E, sendo assim, passando à hipótese dos autos/recurso, com a distribuição em juízo do Parecer do AJP, passará a haver dois processos de insolvência – ao lado do novo processo de insolvência, decorrente da remessa à distribuição do parecer/requerimento do AJP, há o anterior processo de insolvência (este nosso processo), suspenso nos termos do art. 222.ºE/6 do CIRE – e a verificar-se a situação de prejudicialidade prevista no art. 8.º do CIRE[4], segundo o qual “(…) o tribunal ordena a suspensão da instância se contra o mesmo devedor correr processo de insolvência instaurado por outro requerente cuja petição inicial tenha primeiramente dado entrada em juízo” (art. 8.º/2 do CIRE).
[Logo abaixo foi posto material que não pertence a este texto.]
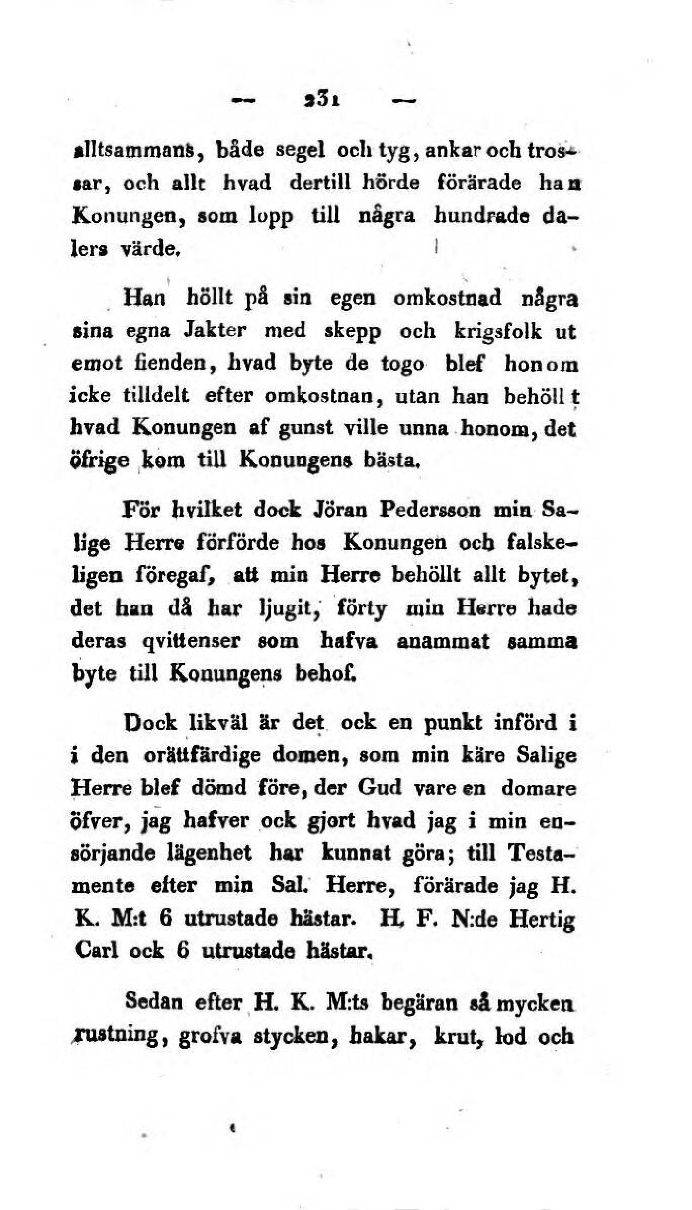 K. M:t 6 utrustade hästar. H, F. N:de Hertig

Efetivamente, havendo dois processos de insolvência contra o mesmo devedor, manda o CIRE que se proceda à suspensão da instância aberta em último lugar[5], instância esta que ficará a aguardar o desfecho da primeiro aberta e que apenas prosseguirá se na instância primeiro aberta não for declarada a insolvência (uma vez que, se o for, fica prejudicado o seu conhecimento).
Ou seja, numa hipótese como a dos autos – em que existe um anterior processo de insolvência e em que no PEAP não foi aprovado e/ou homologado acordo de pagamento e em que, a seguir, o AJP entende que o devedor se encontra em situação de insolvência – a apreciação da situação de insolvência do devedor tem que começar por ser efetuada neste nosso processo, por ser o entrado em primeiro lugar (cfr. art. 8.º/2 do CIRE).
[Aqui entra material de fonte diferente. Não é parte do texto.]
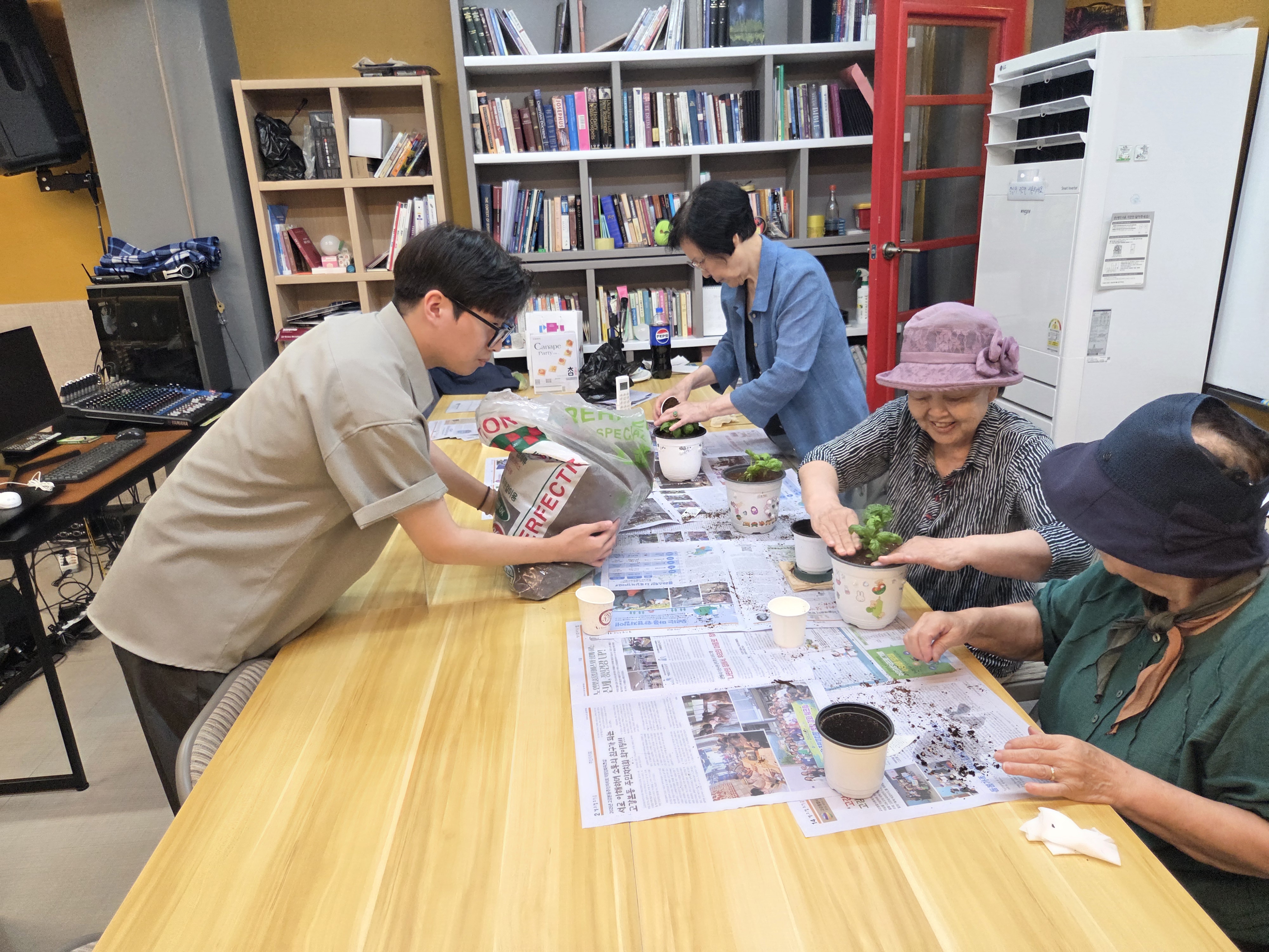 막상 시작해 보니 어르신들께서 저희보다 훨씬 더 능숙하게 분갈이를 해주셨습니다.

Seguindo o PEAP a sua tramitação, após o Parecer/requerimento do AJP, será este remetido à distribuição (acompanhado do PEAP apensado) como processo de insolvência, momento em que, verificando-se a referida prejudicialidade, deverá nele ser proferido o despacho de suspensão (ex vi art. 8.º/2 do CIRE) em relação à aqui requerida C... [6] e, ato contínuo, deverá neste processo ser proferido o despacho de cessação da suspensão, seguindo-se a notificação da requerida de tal despacho e a demais tramitação processual que ao caso couber.
Efetivamente, o que justifica a suspensão dum processo de insolvência por efeito da instauração posterior dum PEAP é a circunstância de neste processo poder vir a ser aprovado e homologado um acordo de pagamento.
Daí que:
Sendo o acordo de pagamento aprovado e homologado, o processo de insolvência passe da suspensão à extinção (cfr. art. 222.º-E/6/in fine do CIRE).
Não sendo o acordo de pagamento aprovado e homologado, deixe de existir razão para manter a suspensão do processo de insolvência.
Aliás, aqui, nesta segunda hipótese, o AJP irá ter que se pronunciar sobre a situação do devedor e ou entende que o mesmo não se encontra em situação de insolvência, hipótese em que é o próprio art. 222.º-G/2 do CIRE o dizer que PEAP encerra, extinguindo-se em consequência todos os seus efeitos; ou o AJP entende que o devedor se encontra em situação de insolvência, hipótese que culmina na remessa e distribuição de tal Parecer do AJP (como novo processo de insolvência) e na situação de prejudicialidade supra referida, prevista no art. 8.º do CIRE e aí solucionada a favor do prosseguimento do processo de insolvência (antes instaurado).
Enfim, uma coisa é a ratio que leva a uma disposição como a do art. 222.º-J do CIRE (sobre o encerramento do PEAP) e outra é a ratio da suspensão (dum processo de insolvência anterior) ocasionada pela instauração dum PEAP.
Em conclusão, uma vez que ainda não se verificava a referida situação de prejudicialidade[7], os presentes autos não podiam ter retomado a sua marcha com a prolação em 23/03/2020 da sentença recorrida[8], porém, para retomarem a sua marcha, não têm que aguardar pela encerramento do PEAP.
É quanto basta para julgar parcialmente procedente o recurso[9].